Among the reasons for this was Stalin’s desire to produce ‘Soviet’ men and women and create a ‘Soviet’ people. As a follower of Marx and Engels, he held that the ultimate antidote to conflicts among national groups was the ‘fusion’ of all nations. The post-national compound would supposedly include ingredients from each nationality. Among Stalin’s acolytes during the First Five-Year Plan there had been several who assumed the moment of fusion to be imminent in the USSR. But Stalin recognized that this might damage the last elements of cohesion in society. Some binding factor had to be introduced. By 1934 he had come to the opinion that the Soviet state, for reasons of security, needed to foster Russian national pride. Russians were fifty-two per cent of the USSR’s population in the late 1930s.36 A large number of them lived in each republic, especially after the migration of people during the First Five-Year Plan; and they were disproportionately well-represented in administrative posts. Russians were anyhow used to inhabiting a state larger than mere Russia as defined by Soviet communists and had no wish to see this state dismembered.

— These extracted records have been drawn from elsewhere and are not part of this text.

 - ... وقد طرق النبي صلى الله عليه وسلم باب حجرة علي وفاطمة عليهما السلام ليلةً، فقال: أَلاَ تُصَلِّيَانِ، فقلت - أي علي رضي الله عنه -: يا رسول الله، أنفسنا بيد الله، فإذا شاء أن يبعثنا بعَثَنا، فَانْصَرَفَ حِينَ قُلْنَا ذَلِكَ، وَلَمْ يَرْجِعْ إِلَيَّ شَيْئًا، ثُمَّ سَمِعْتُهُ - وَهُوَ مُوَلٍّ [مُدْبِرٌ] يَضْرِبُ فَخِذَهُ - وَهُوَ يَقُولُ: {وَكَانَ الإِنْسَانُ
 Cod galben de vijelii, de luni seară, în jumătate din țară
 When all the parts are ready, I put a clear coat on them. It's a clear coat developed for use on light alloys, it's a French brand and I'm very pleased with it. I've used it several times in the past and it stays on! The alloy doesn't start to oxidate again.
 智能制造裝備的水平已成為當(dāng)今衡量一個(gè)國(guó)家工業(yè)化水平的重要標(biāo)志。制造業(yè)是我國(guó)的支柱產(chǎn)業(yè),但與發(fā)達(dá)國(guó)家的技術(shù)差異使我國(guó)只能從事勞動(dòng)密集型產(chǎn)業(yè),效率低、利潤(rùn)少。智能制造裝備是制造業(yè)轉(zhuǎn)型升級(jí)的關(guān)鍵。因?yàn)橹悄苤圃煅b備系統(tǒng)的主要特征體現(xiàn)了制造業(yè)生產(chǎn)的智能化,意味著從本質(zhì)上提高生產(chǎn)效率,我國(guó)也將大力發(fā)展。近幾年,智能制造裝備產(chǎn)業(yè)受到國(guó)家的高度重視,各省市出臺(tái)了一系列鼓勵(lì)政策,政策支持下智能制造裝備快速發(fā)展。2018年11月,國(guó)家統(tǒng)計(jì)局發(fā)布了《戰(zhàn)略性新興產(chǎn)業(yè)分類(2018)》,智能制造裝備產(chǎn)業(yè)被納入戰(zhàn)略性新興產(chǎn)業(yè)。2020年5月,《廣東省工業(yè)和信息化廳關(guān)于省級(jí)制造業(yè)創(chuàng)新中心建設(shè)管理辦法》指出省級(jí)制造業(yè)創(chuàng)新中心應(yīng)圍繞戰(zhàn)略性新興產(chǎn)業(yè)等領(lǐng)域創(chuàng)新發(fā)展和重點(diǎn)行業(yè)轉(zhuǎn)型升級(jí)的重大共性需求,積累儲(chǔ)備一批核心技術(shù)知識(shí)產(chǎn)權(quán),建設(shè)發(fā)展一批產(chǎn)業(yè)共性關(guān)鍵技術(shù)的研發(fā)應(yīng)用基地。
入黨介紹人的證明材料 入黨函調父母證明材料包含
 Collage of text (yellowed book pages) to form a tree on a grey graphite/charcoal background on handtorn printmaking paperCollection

Already in 1930 the communist versifier Demyan Bedny had been reprimanded for insulting the Russian people in one of his doggerel verses. Marxism-Leninism was not to be used as a cover for humiliating a nation whose workers had been the vanguard of the October Revolution; limits existed on the deprecation of Russianness.

It was in 1934 that the privileging of Russian nationhood began in earnest. Concerns about the USSR’s security had been growing in the early 1930s; and Stalin and the leadership felt edgy about Ukraine, about Polish infiltration into the western borderlands and about the threat posed by Adolf Hitler and the Third Reich. Russian national feelings were nurtured more warmly, and nowhere was this more obvious than in the writing of history. The doyen of the academic profession until his death in 1932 had been M. N. Pokrovski, who had waged a vendetta in his books and in university administration against writers who failed to put class struggle at the centre of their interpretations. He had insisted, too, that Russian imperial expansion over the centuries had brought harm to the non-Russian peoples. This approach now fell into official disrepute; and Professor E. V. Tarle, the non-Marxist historian and Russian patriot, was released from prison to reoccupy his university chair in Moscow.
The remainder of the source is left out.